↓

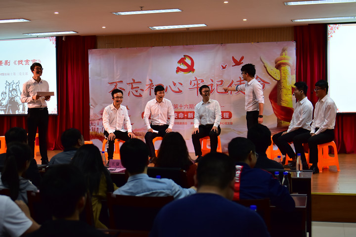 时逢“两个一百年”奋斗目标的历史交汇期,中国特色社会主义步入新时代。沙龙以“不忘初心,牢记使命”为主题,分为“走进新时代”、“肩负新使命”、“领悟新思想”、“开启新征程”四个章节。为激发教工党支部活力,搭建趣味学习平台,本次沙龙由学生党员扩大至全院教工党员,师生共同参与,通过朗诵、歌唱、情景剧、游戏等生动活泼的形式,表达对党的十九大的学习理解。
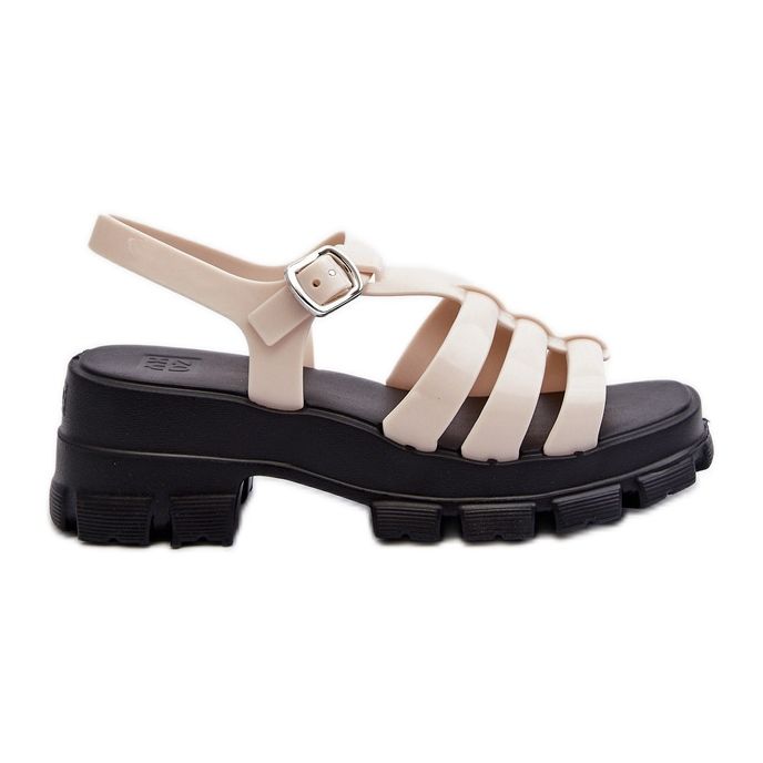 Graças ao corte esportivo e ao cheiro único de borracha de balão, que é acompanhada por usar essas sandálias, todo momento gasto nelas será um prazer. A sola de 6 cm de alta proporciona conforto durante o uso prolongado, e a cor preta da sola contrasta bem com o material bege claro.
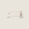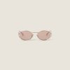 Metal sunglasses with sophisticated allure. The frame is emphasized by thin metal rims that separate from the trendy oval lenses before meeting up again with the new vertical Miu Miu logo integrated into the hinge of the straight temples.
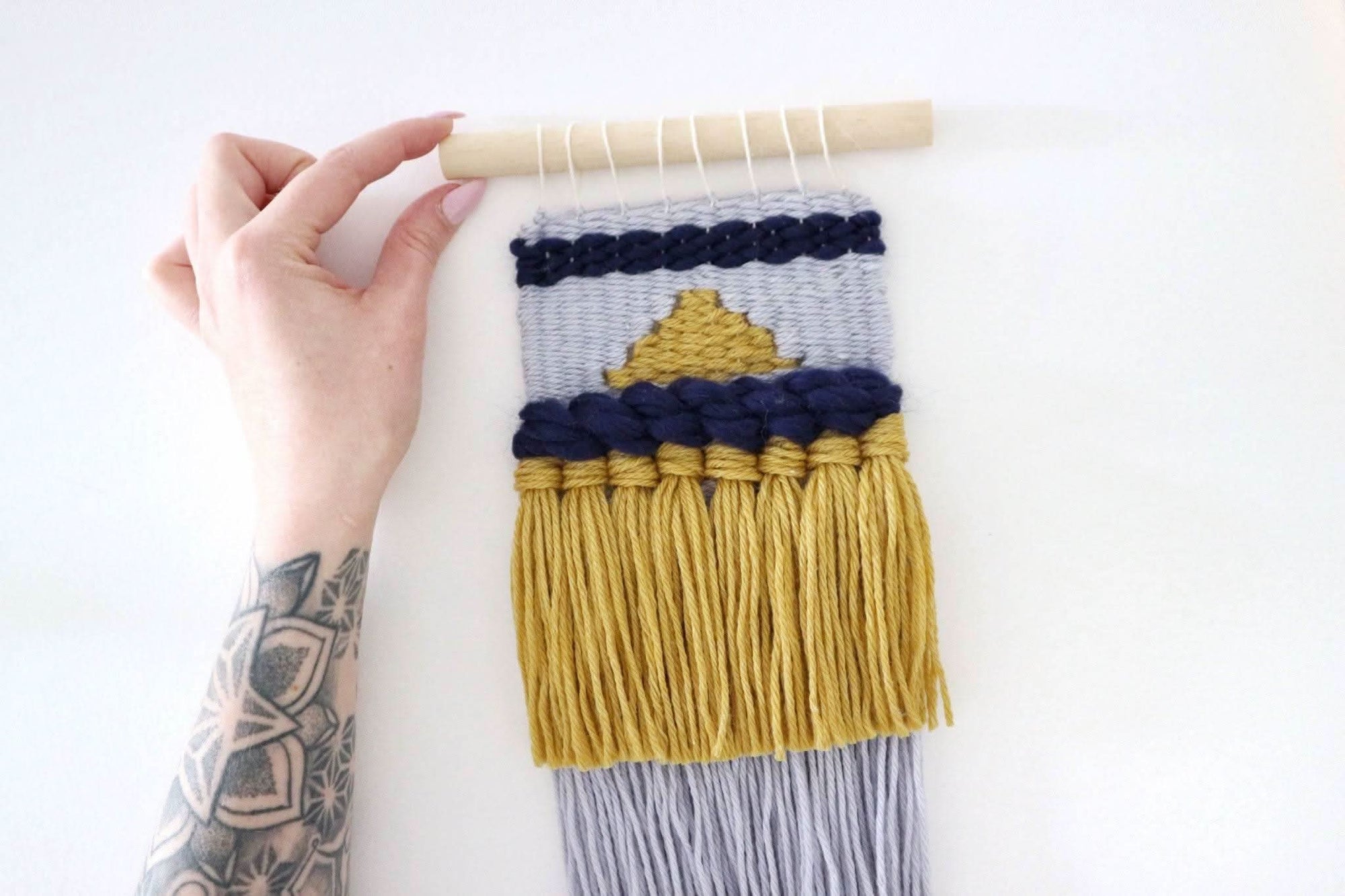 The kit includes everything you need to create a Handwoven Wall Hanging, including a wooden loom and easy to follow tutorial by Phoebe Hammond from Made Weave Love.
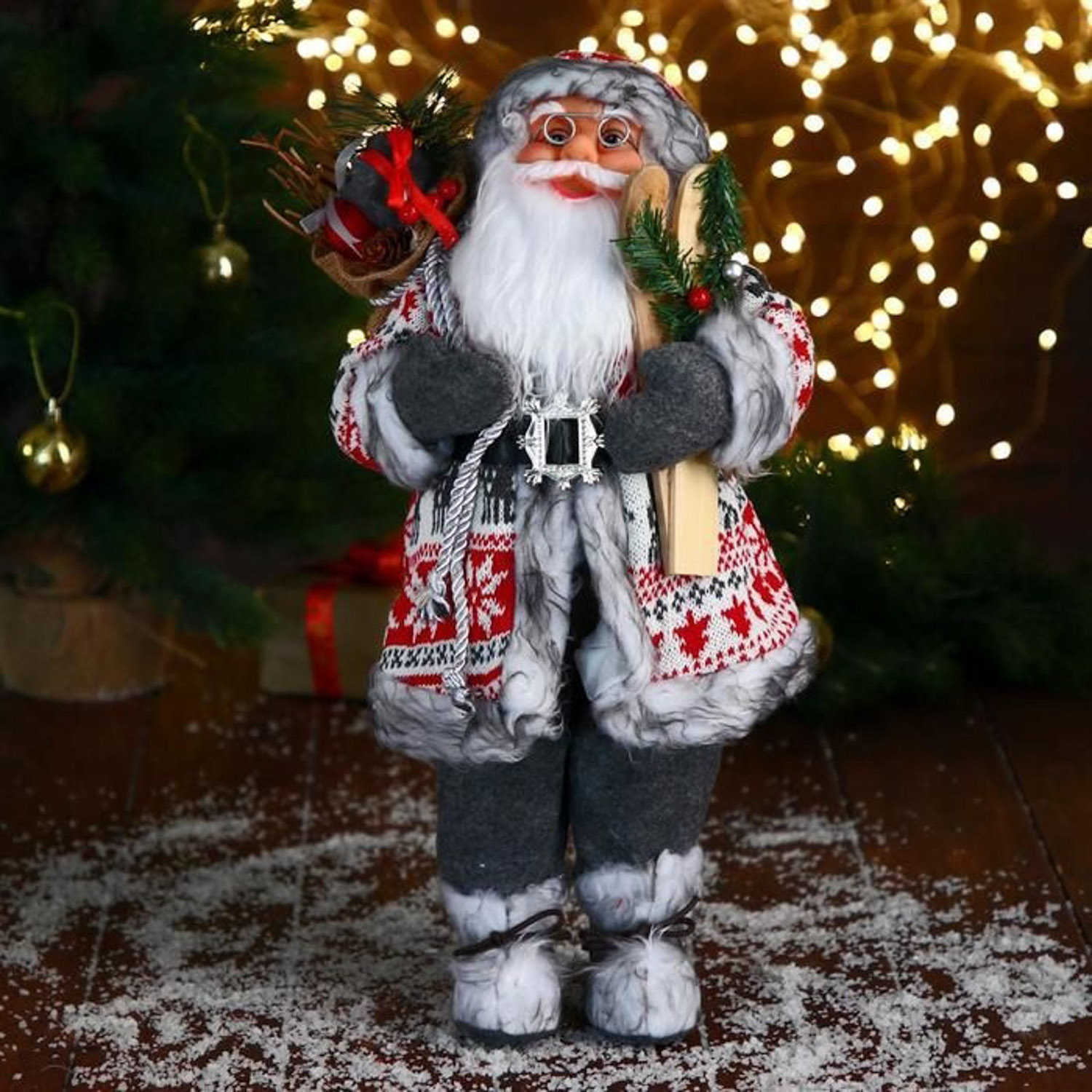 Дед Мороз "В бело-красной шубке с ремешком, с лыжами" 20х45 см 6938362
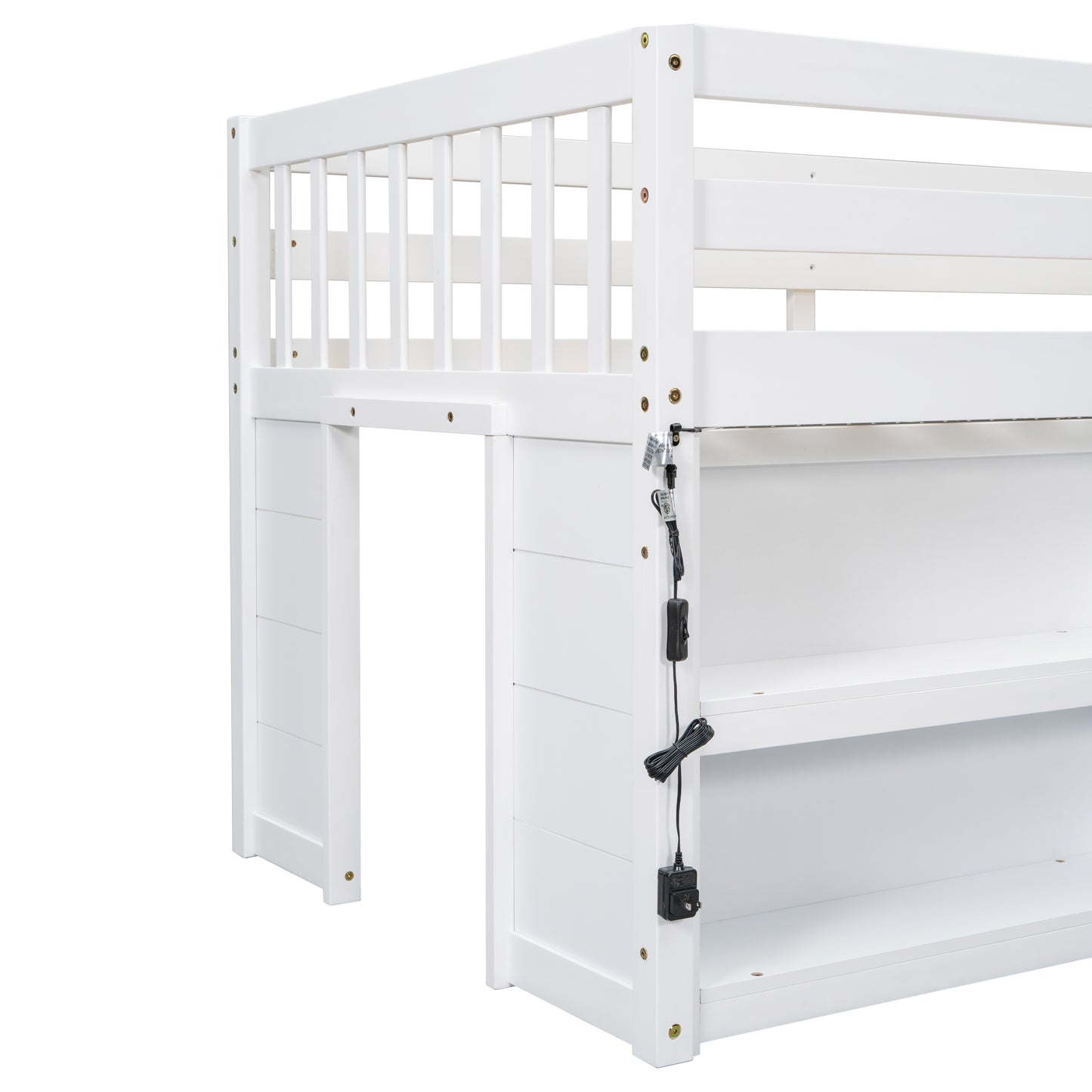 Twin Size Kid Low Loft Bed With Two-Tier Shelves And LED Light For White Color

↑

_Task brief:_
Pictures do not go in the copy; print every entry exactly as it stands.

_Answer to this task:_
 时逢“两个一百年”奋斗目标的历史交汇期,中国特色社会主义步入新时代。沙龙以“不忘初心,牢记使命”为主题,分为“走进新时代”、“肩负新使命”、“领悟新思想”、“开启新征程”四个章节。为激发教工党支部活力,搭建趣味学习平台,本次沙龙由学生党员扩大至全院教工党员,师生共同参与,通过朗诵、歌唱、情景剧、游戏等生动活泼的形式,表达对党的十九大的学习理解。
 Graças ao corte esportivo e ao cheiro único de borracha de balão, que é acompanhada por usar essas sandálias, todo momento gasto nelas será um prazer. A sola de 6 cm de alta proporciona conforto durante o uso prolongado, e a cor preta da sola contrasta bem com o material bege claro.
 Metal sunglasses with sophisticated allure. The frame is emphasized by thin metal rims that separate from the trendy oval lenses before meeting up again with the new vertical Miu Miu logo integrated into the hinge of the straight temples.
 The kit includes everything you need to create a Handwoven Wall Hanging, including a wooden loom and easy to follow tutorial by Phoebe Hammond from Made Weave Love.
 Дед Мороз "В бело-красной шубке с ремешком, с лыжами" 20х45 см 6938362
 Twin Size Kid Low Loft Bed With Two-Tier Shelves And LED Light For White Color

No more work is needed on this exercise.